I have read Path Between the Seas and a number of other books about life and the wonders of Panama including a recent one called Banana People which I truly loved. I think that Goliath will be my next read. These books are especially interesting as they speak of parts of the country I live in and the past lives of people who shaped this wonderful country of Panama.
Here is an intro…“Roosevelt’s international board of engineers set the stage for Sibert’s travail when the majority report recommended a sea level canal, citing the dam planned for Gatun as a major reason for avoiding dams and locks with a sea level approach,” Robert W. Dickey explains in “Friction and Fun in Panama,” the 13th chapter in “Goliath of Panama: The Life of Soldier and Canal Builder William Luther Sibert,” his compelling new portrait of a farm boy from Alabama with a gift for mathematics who helped change the world’s geopolitical landscape.

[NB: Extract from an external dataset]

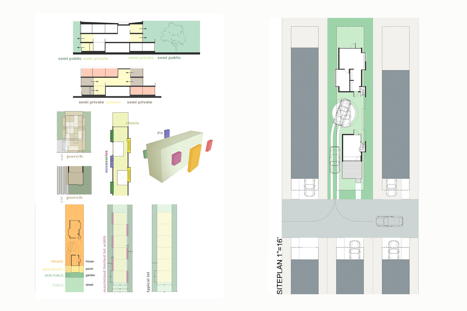 We proposed to construct a 3-story, 3-bedroom house with 3-flex spaces to provide modern amenities, with a structurally insulated panel system (SIPS) while incorporating day-lighting and photovoltaic panels (PV) to reduce consumption and energy needs, facilitated by the invention of an “autodisc” that allows the car to be conveniently garaged mid-lot via a driveway at the edge of the site without having to consolidate two lots to create a shared driveway, thus leaving enough room on a lot of limited width for a large porch to mediate between the house and the street and to create a positive pedestrian environment.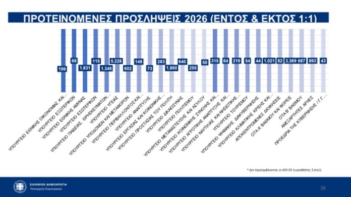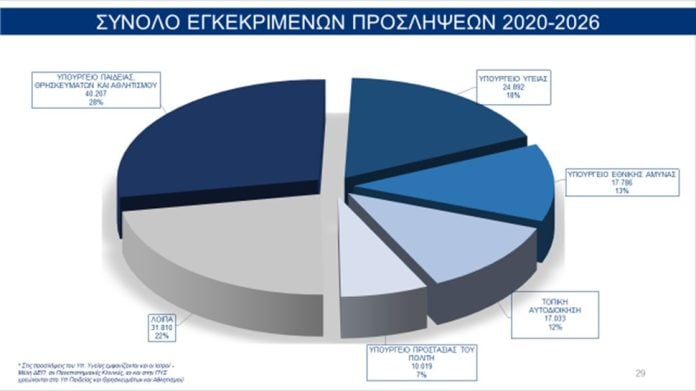 Ειδικότερα, για το 2026 εγκρίθηκαν συνολικά 19.489 προσλήψεις τακτικού προσωπικού και προσωπικού με έμμισθη εντολή.

“President Roosevelt, of course, rejected the report and ramrodded through Congress a slack water navigation plan – a system born of dams and operated by locks, as recommended by the panel’s minority,” Dickey continues. “After appointment to the Isthmian Canal Commission, Sibert studied the alternatives in detail and found himself in full agreement with the locks and dams concept. He welcomed the opportunity to participate in building the world’s greatest slack water navigating system. He knew it would work as it had worked on the Green and Barren Rivers back in Kentucky, only exponentially bigger and more complicated.”
“Goliath of Panama: The Life of Soldier and Canal Builder William Luther Sibert,” by Robert W. Dickey. Morley, Mo.: Acclaim Press, 2015. 384 pages, $26.95.